Retiree Cost-of-Living Adjustment Set at 2% for January 2012

At the August 29, 2011 Public School and Education Employee Retirement Systems of Missouri (PSRS/PEERS) Board of Trustees’ meeting, the Board voted to provide a 2% cost-of-living adjustment (COLA) for all eligible benefit recipients, effective January 2012.

As a result of extensive research, the Board of Trustees adopted a Funding Stabilization Policy in an effort to stabilize the contribution rates for members and school districts as well as positively impact the overall financial soundness of the Systems. A 2% annual COLA is part of the Funding Stabilization Policy adopted by the Board at the August meeting. Under the Policy, in years when the change in the Consumer Price Index for Urban Consumers (CPI-U) for the preceding fiscal year (July 1 to June 30) is between 0% and 5%, a 2% COLA will be given.
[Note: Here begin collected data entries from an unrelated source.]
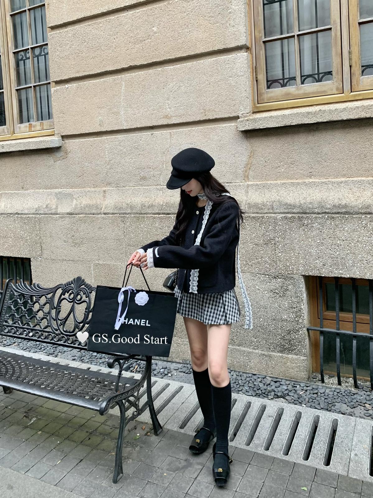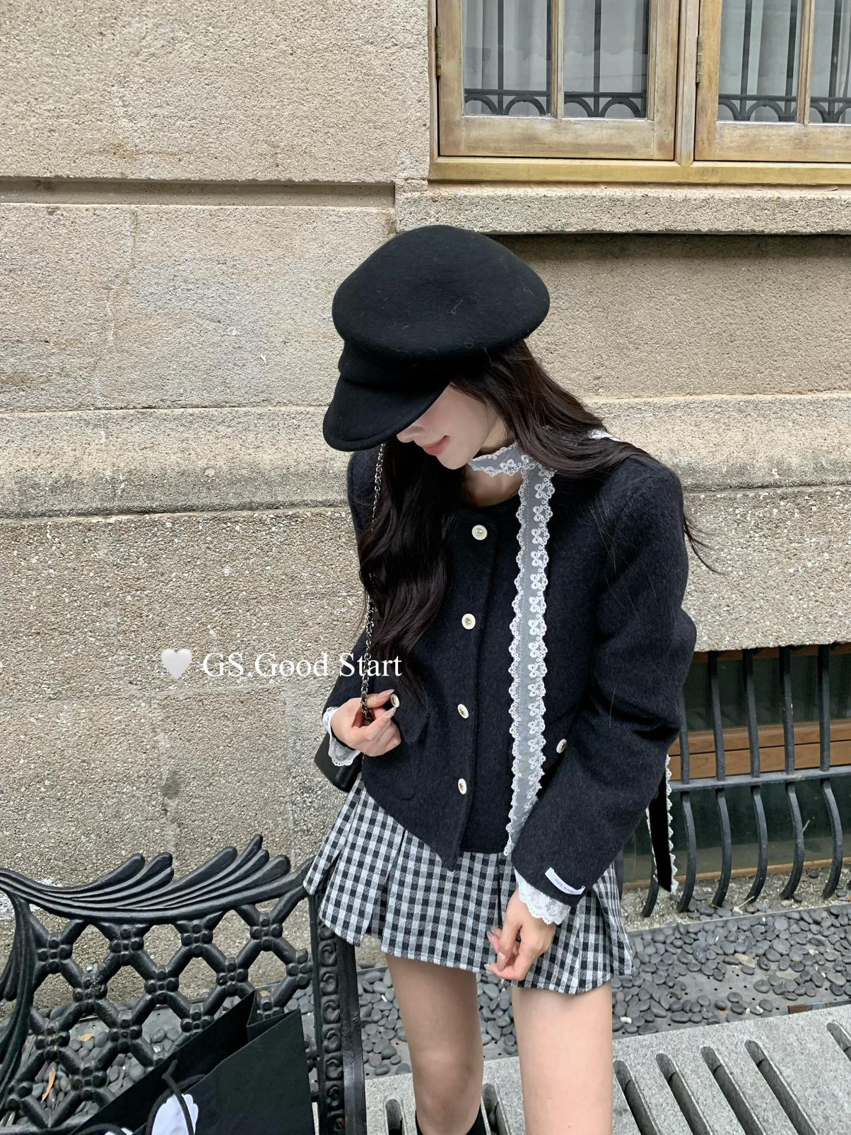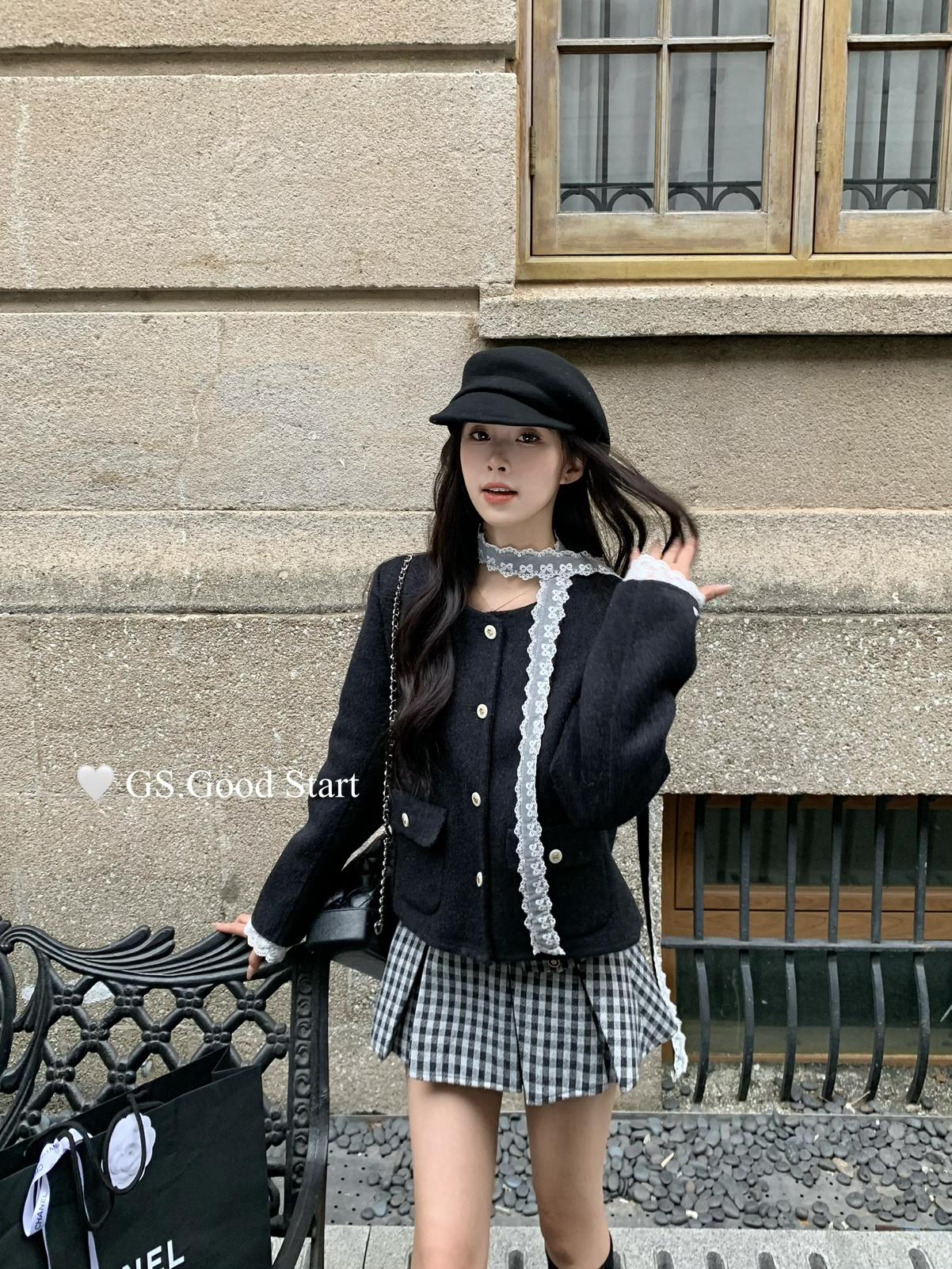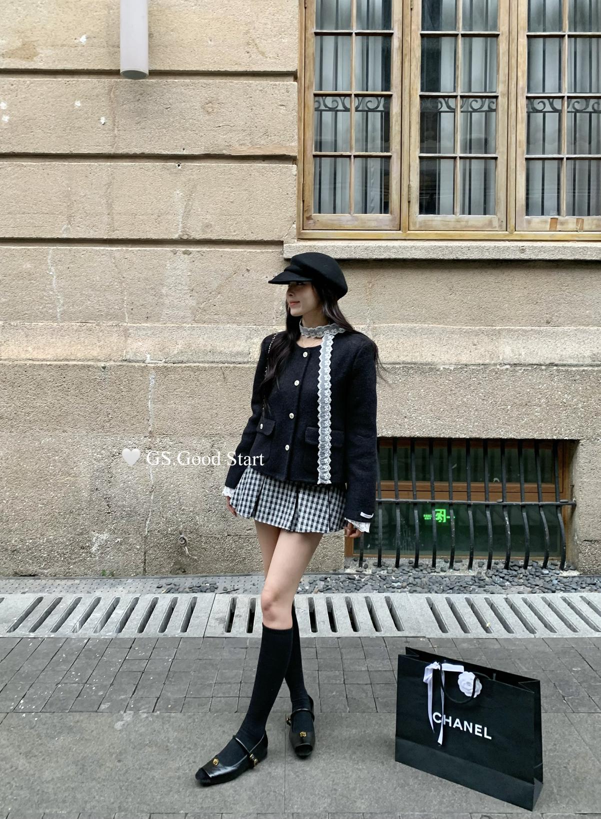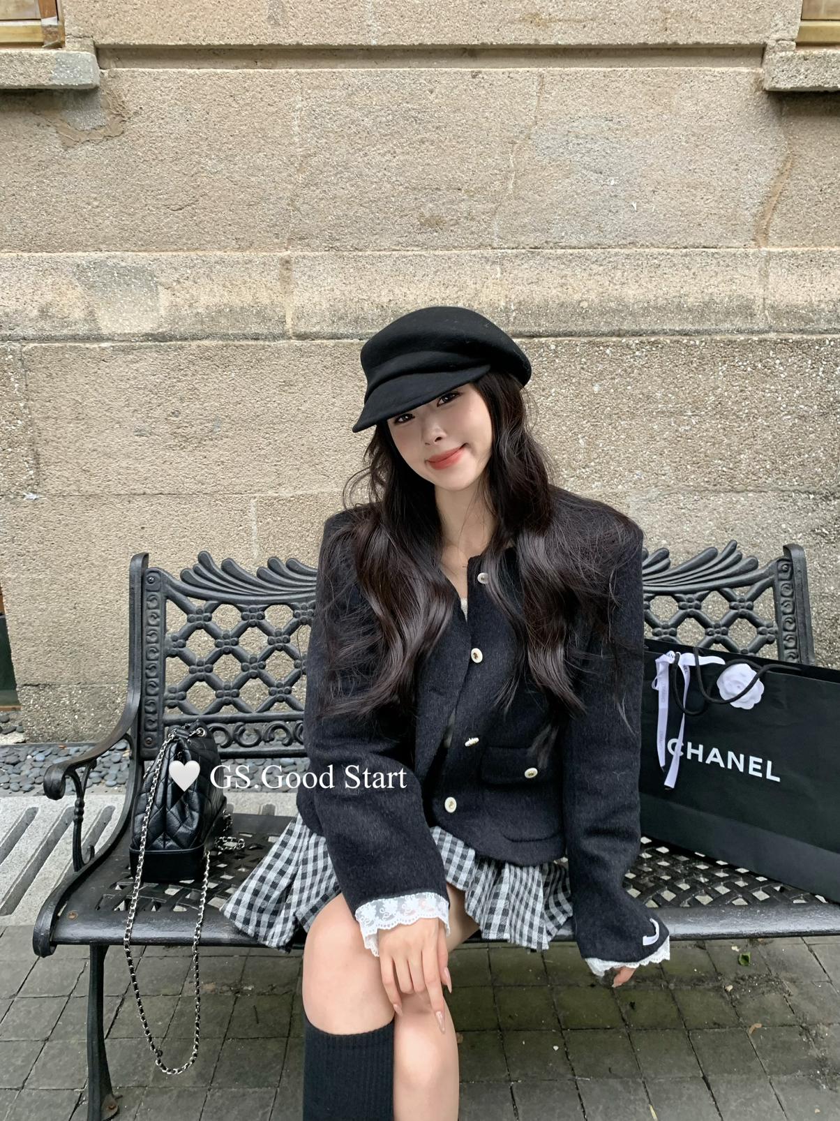 【C7737】復古矜貴~小香風必入單品!秋冬氣質vtg經典格紋顯瘦百褶半身裙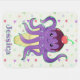 A very cute kawaii style purple octopus sitting in a ice cream cone, with chocolate syrup and a cherry on top. Seen here on a baby blanket with a trendy simple geometric watercolor background.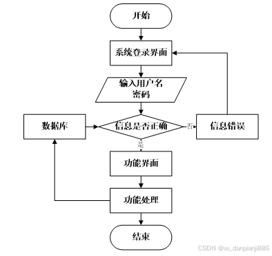 用户打开并进入系统后,会先显示登录界面,输入正确的用户名和密码,系统自动检测信息,若信息无误,则用户会进入系统功能界面,进行操作,否则会提示错误无法登录,操作流程如图2-3所示。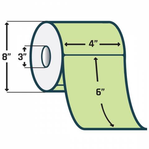 - 4" x 6" Paper Label, Perforated, Green - PMS 365, 3" Core, 8" OD, 1000 Labels per roll - Case of 4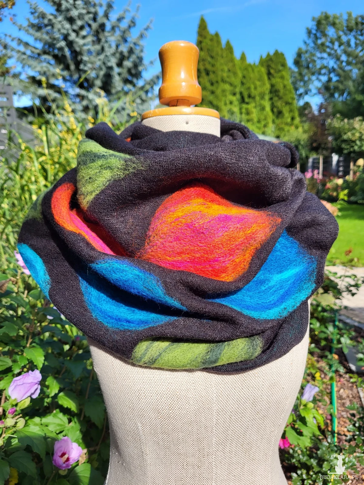 Super prezent na dzień mamy czarny filcowany wełniany miły i ciepły komin handmade, zdjęcie trochę przekłamuje kolor ten granat jest bardziej podobny do jeansu tak jak na zdjęciu dołączonym przykładowym- tuba, owijany dwa razy, filcowany wełną merynosów, bardzo ciepły i miły, doskonały na prezent, fantastyczny na codzienne noszenie, zwraca uwagę, dodaje koloru, nie zginiesz w tym kominie na ulicy, pojedyncze egzemplarze, polecam bestseller,czas oczekiwania tydzien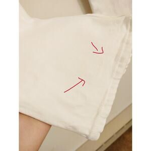The 5-pocket design and looser waist provide a relaxed fit that sits perfectly above the belt, giving off a vintage 90s-inspired vibe. While there are a few very faint spots (pointed out in the pics, though barely visible), they are hardly noticeable when worn. One mark is above the label on the back waistband, and others are on the very bottom of the legs.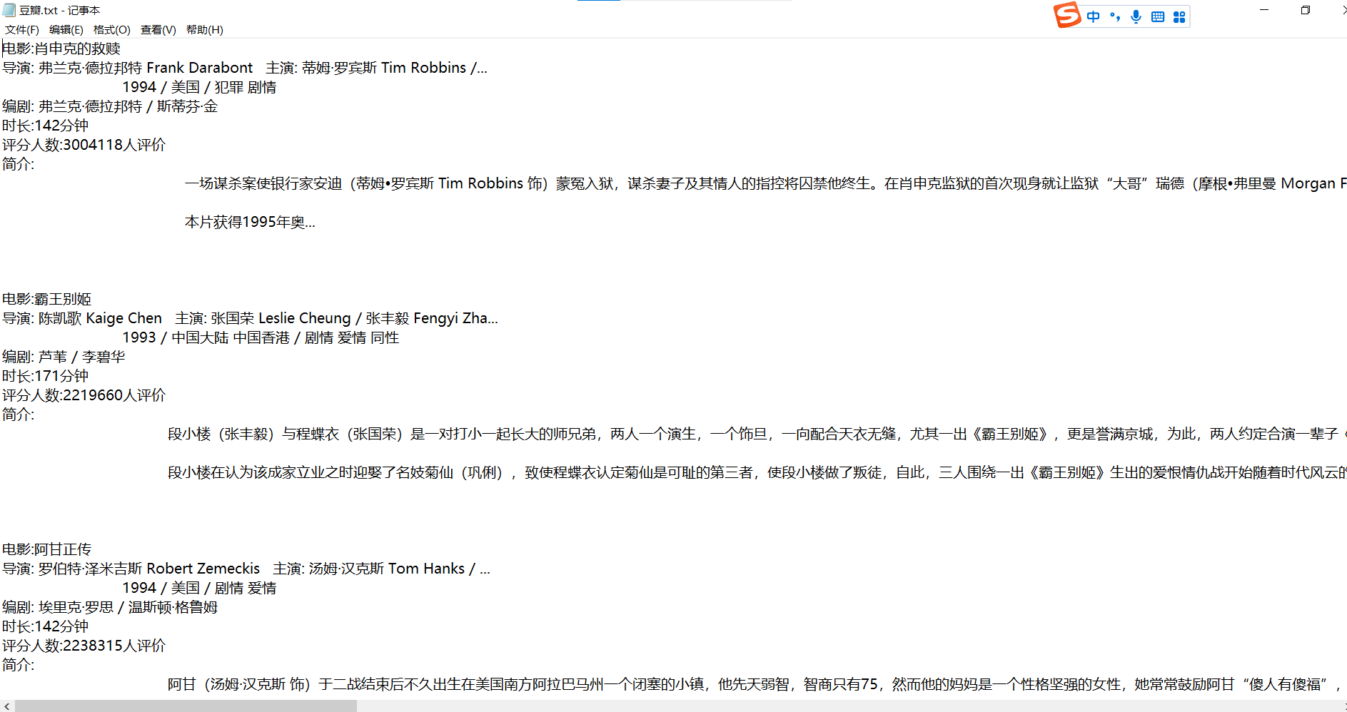 获取每部电影的导演、编剧、主演、类型、上映时间、片长、评分人数以及剧情简介等信息,并将获取到的信息保存至本地文件中。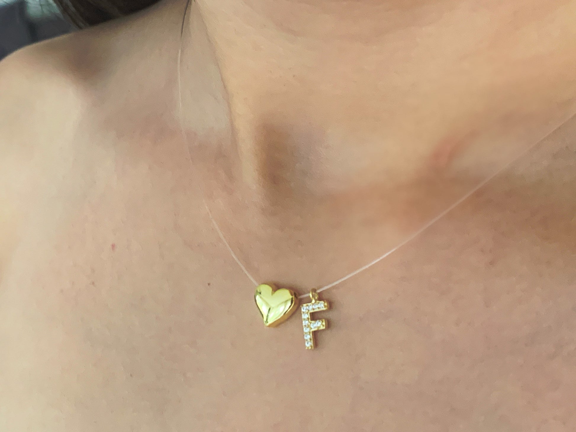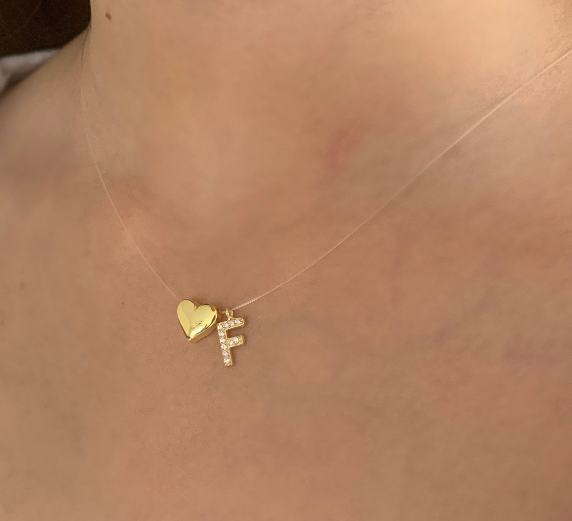 Tiny Initial Letter Necklace, Personalized Gifts, Invisible Necklace, Clear Corg Chain, CZ Gemstone, Layering Minimalist Necklace, Gift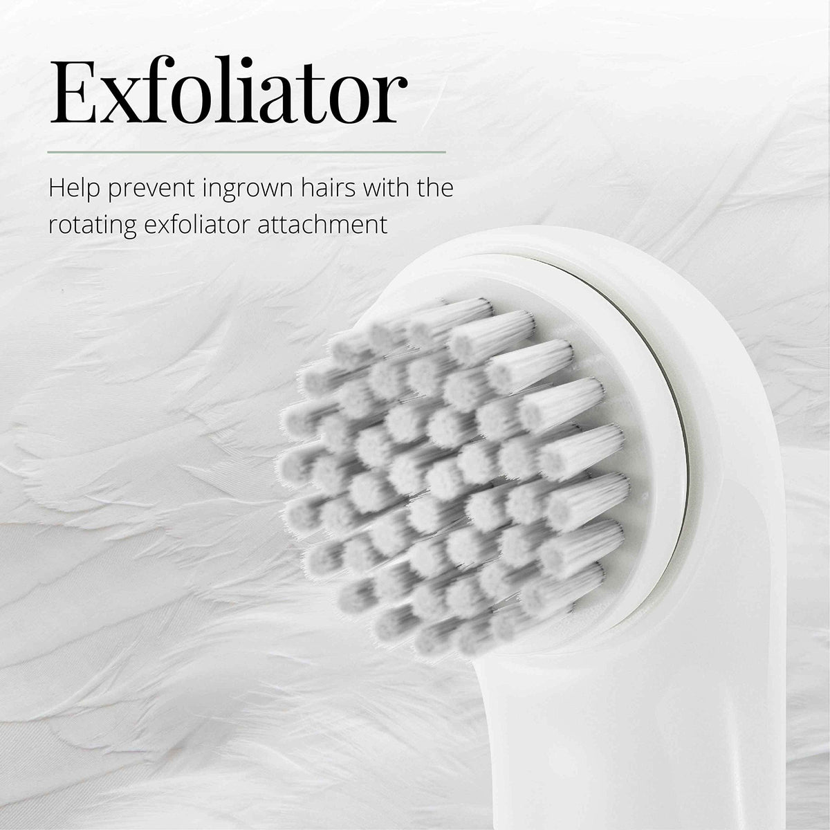 - Q: What attachments are included in the kit? A: The kit includes multiple attachments such as a bikini trimmer with an adjustable length guide, an angled foil shaver, a dual-sided gentle trimmer, a precision-edge detail trimmer, and a rotating exfoliator attachment.

The Board has some statutory discretion when setting the COLA, and takes into consideration many factors including recommendations from the actuary and the overall financial health of the Systems. In addition, Missouri law provides specific parameters for the PSRS/PEERS Board of Trustees when setting the annual COLA. If the change in the CPI-U is between 0% and 5%, legal guidelines for setting the COLA are:

  • If the CPI is 2% or more, the COLA must be at least 2% but no more than 5%.
  • If the CPI is between 0% and 2%, the Board may grant a COLA of 0% to 5%.

However, if the change in the CPI-U is less than 0%, no increase can be given. If it is 5% or higher, the Board is required to give a 5% increase providing extra protection in times of high inflation.

The CPI-U for July 1, 2010 to June 30, 2011 was 3.6%.

By adopting the Funding Stabilization Policy, the Board has improved the overall financial status of the Systems in order to continue to provide sound retirement benefits for current and future generations of Missouri’s teachers and school employees.

“This method of granting COLAs is a component of the Funding Stabilization Policy that will help us keep the Systems financially healthy for the entire membership,” said Dr. Aaron Zalis, PSRS/PEERS Board Chair. He added, “It also allows our retirees to plan ahead for a consistent 2% benefit increase most years.”

In the past, the annual COLA has been tied more closely to the CPI-U, often resulting in large year-to-year variations in the amount given, from 0% to 5%. The COLA for both 2010 and 2011 was set at 0%.

For PSRS members who retired in 1986 and earlier you have reached your 80% COLA cap and are no longer eligible for a COLA. For those that retired in the years 1987-2010 you will receive a 2% COLA increase effective January 2012.

For PEERS members who retired in 1986 and earlier you have reached your 80% COLA cap and are no longer eligible for a COLA. For those that retired in the years 1987-2008 you will receive a 2% COLA increase effective January 2012.